EXCERPTED RECORDS Block Start

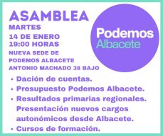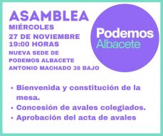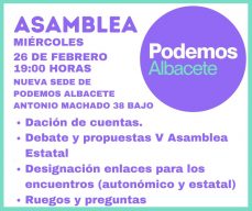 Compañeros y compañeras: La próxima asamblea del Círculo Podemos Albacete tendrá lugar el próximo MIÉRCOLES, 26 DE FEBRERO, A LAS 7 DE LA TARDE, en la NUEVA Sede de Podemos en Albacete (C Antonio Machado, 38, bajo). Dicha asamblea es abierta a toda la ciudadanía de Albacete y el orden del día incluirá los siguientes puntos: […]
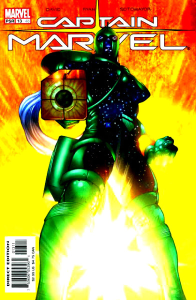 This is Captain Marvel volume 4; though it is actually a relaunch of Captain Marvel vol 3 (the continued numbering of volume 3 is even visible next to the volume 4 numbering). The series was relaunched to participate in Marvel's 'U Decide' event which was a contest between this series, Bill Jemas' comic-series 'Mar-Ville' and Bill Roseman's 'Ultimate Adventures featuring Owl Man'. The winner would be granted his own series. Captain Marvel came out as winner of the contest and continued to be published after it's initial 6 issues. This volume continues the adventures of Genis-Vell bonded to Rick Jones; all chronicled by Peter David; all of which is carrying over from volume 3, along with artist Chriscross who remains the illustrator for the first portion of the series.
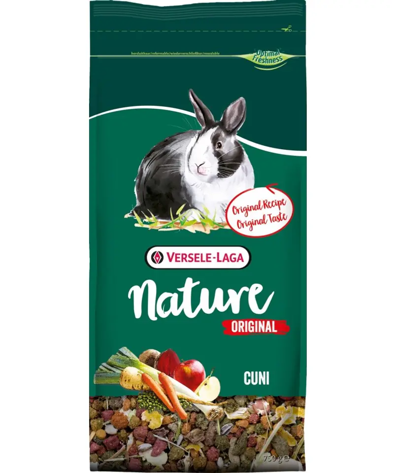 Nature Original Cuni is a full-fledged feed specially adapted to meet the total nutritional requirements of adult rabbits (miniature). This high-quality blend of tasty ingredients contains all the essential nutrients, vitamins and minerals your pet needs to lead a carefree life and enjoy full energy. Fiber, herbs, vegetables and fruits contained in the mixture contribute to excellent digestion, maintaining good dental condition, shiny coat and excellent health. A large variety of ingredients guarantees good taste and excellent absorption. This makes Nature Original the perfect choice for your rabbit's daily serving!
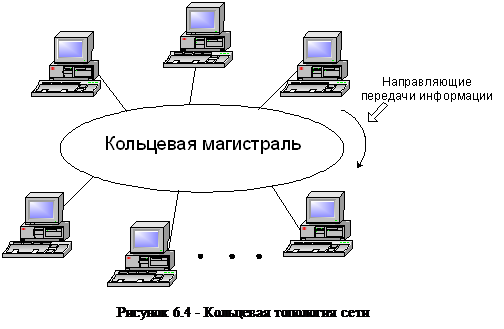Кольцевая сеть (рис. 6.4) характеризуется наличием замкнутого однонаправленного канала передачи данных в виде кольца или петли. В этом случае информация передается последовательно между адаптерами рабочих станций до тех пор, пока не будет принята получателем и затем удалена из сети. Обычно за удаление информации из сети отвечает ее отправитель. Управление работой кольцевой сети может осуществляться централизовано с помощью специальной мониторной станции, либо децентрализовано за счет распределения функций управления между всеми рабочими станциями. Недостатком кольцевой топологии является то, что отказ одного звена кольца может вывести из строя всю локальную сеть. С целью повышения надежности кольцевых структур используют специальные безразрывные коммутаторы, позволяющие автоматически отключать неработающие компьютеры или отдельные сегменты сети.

EXCERPTED RECORDS Block End
EXCERPTED RECORDS Block Start

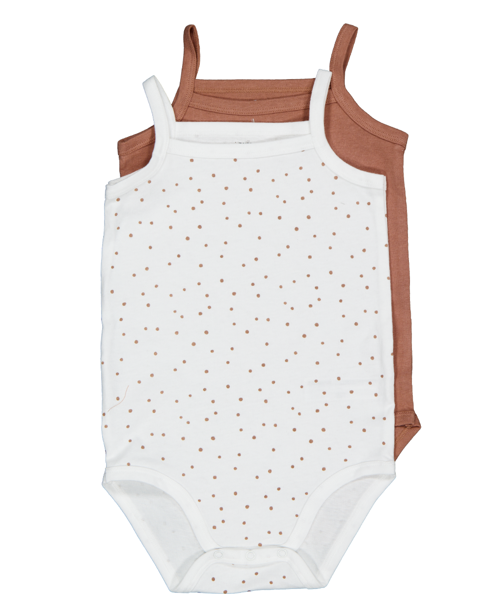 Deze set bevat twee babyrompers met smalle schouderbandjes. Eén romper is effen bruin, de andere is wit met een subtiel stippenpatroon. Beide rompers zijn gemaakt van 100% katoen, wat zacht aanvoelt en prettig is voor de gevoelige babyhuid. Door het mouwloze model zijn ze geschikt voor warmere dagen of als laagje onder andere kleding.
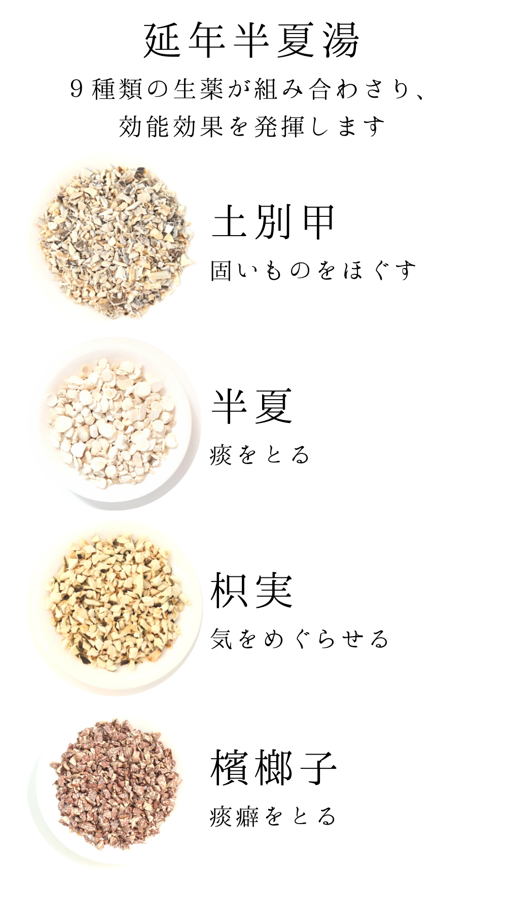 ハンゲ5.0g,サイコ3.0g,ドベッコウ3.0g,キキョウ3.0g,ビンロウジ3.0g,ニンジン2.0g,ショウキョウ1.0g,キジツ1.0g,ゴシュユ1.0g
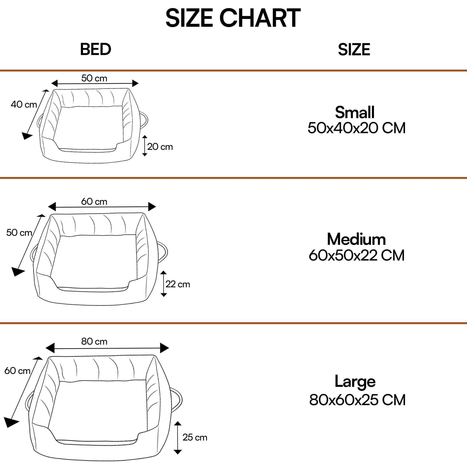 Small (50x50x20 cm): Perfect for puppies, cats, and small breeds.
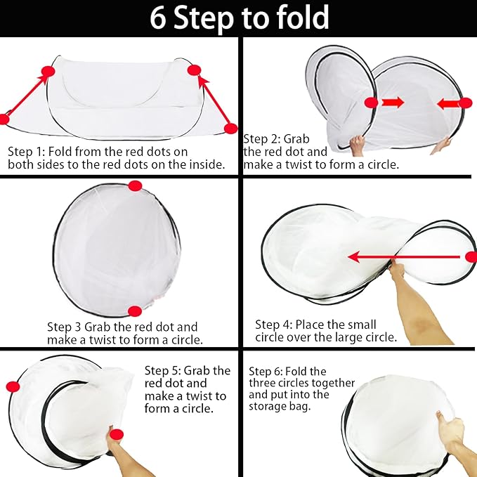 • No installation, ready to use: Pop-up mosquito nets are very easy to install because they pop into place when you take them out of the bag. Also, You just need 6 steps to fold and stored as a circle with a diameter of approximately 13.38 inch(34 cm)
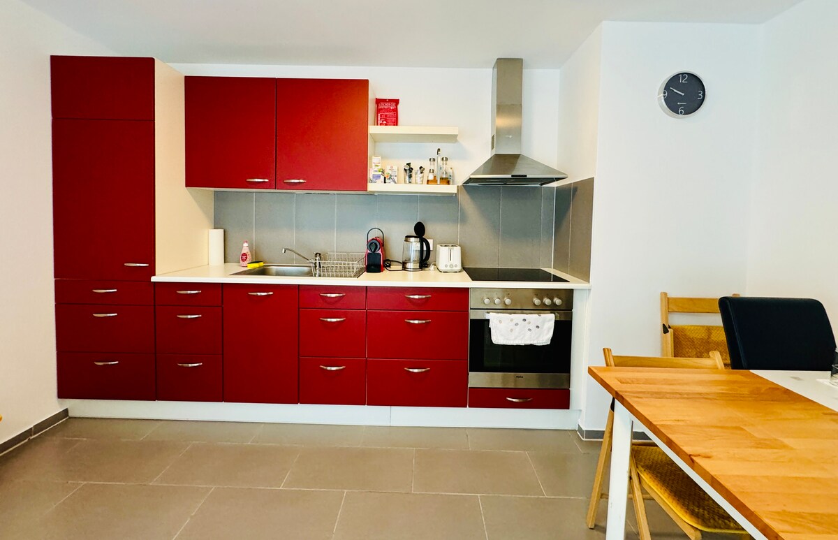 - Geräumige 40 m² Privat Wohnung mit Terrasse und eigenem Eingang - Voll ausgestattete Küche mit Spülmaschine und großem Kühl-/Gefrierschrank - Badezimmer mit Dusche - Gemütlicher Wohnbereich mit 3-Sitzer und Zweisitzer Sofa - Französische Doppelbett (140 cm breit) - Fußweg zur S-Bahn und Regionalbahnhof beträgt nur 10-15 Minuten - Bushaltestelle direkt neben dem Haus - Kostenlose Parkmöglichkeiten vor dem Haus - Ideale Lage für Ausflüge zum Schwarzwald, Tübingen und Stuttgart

EXCERPTED RECORDS Block End

_DIRECTIONS_
When you reach the line that has "13.38 inch(34 cm)" in the data above, start repeating lines exactly, and stop after the line that has "- Geräumige 40"; pictures stay out.

_SOLUTION_
 • No installation, ready to use: Pop-up mosquito nets are very easy to install because they pop into place when you take them out of the bag. Also, You just need 6 steps to fold and stored as a circle with a diameter of approximately 13.38 inch(34 cm)
 - Geräumige 40 m² Privat Wohnung mit Terrasse und eigenem Eingang - Voll ausgestattete Küche mit Spülmaschine und großem Kühl-/Gefrierschrank - Badezimmer mit Dusche - Gemütlicher Wohnbereich mit 3-Sitzer und Zweisitzer Sofa - Französische Doppelbett (140 cm breit) - Fußweg zur S-Bahn und Regionalbahnhof beträgt nur 10-15 Minuten - Bushaltestelle direkt neben dem Haus - Kostenlose Parkmöglichkeiten vor dem Haus - Ideale Lage für Ausflüge zum Schwarzwald, Tübingen und Stuttgart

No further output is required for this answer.